Non-violence calls upon the best, not the worst of the opponent. It appeals to the other's humanity, not the others's animal fears. It demands sacrifice, but in the cause of life, not of death. Non-violence engages world support rather than revulsion.
Too often, the advocates of violence dismiss non-violence as soft, as passive, as an acceptance of the unacceptable. This is wrong. Non-violence involves active resistance, hard discipline, and an urgent sense of ''now,'' as Dr. King put it, of an unwillingness to accept the unacceptable any longer. Violence locks people into hatred and revenge. Non-violence unlocks them and forces them to see the humanity in those they hate.
The advocates of violence often dismiss non-violence as ineffective. In fact, non-violence is the most effective way out of the current situation of spiraling horrors. It is far from clear whether the Palestinians could agree to build a non-violent resistance, and have the ability to sustain it. But there is no question in my mind that non-violent resistance to Israeli occupation would build a massive majority in Israel for peace, for negotiating a Palestinian state and for removing the settlements that are a major impediment to that negotiation.

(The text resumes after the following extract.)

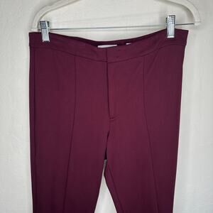 Vince Tapered Stove Pipe Pintuck Seamed Burgundy Ponte Knit Pants Trousers 10
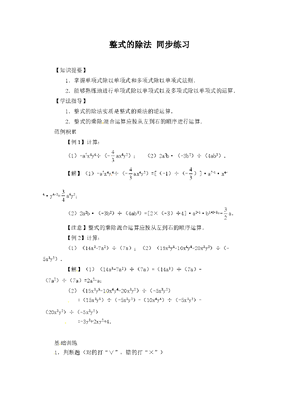 《整式的除法》同步练习(1)(初中数学7年级下册).doc

Non-violence forces the occupier to see the humanity in the occupied, but that is not all. It forces the occupied to recognize the humanity and appeal to the morality of the occupier. It redeems both sides even as it challenges the inhumanity of the current situation. For Israelis, Palestinian recognition of their humanity is vital if there is ever to be sufficient security in Israel to embrace independence for the Palestinians.
After the recent eruption of violence, the Middle East has returned to another cycle of attack and reprisal, of terror and counter-terror. Israeli Prime Minister Ariel Sharon gains popularity, even as he adds new preconditions to negotiation. Palestinian leader Yasser Arafat gains popularity, even as the suicide bombs continue. Another round of destruction and death is unavoidable on the current course.
Now it is time for moral voices to be heard, for the voice of moral leaders to demand a non-violent movement of resistance and protest: protest against the violence, resistance against the oppression. If they were successful in building a non-violent movement of protest, they would win support from across the world, and from the vast majority of Israelis and Palestinians who in the end need the same end: security, independence, economic development and peace.
The Rev. Jesse L. Jackson is president of the Rainbow/PUSH Coalition.
Non-violence can move mountains in Mideast
Barf.
That's your cue to shut the hell up.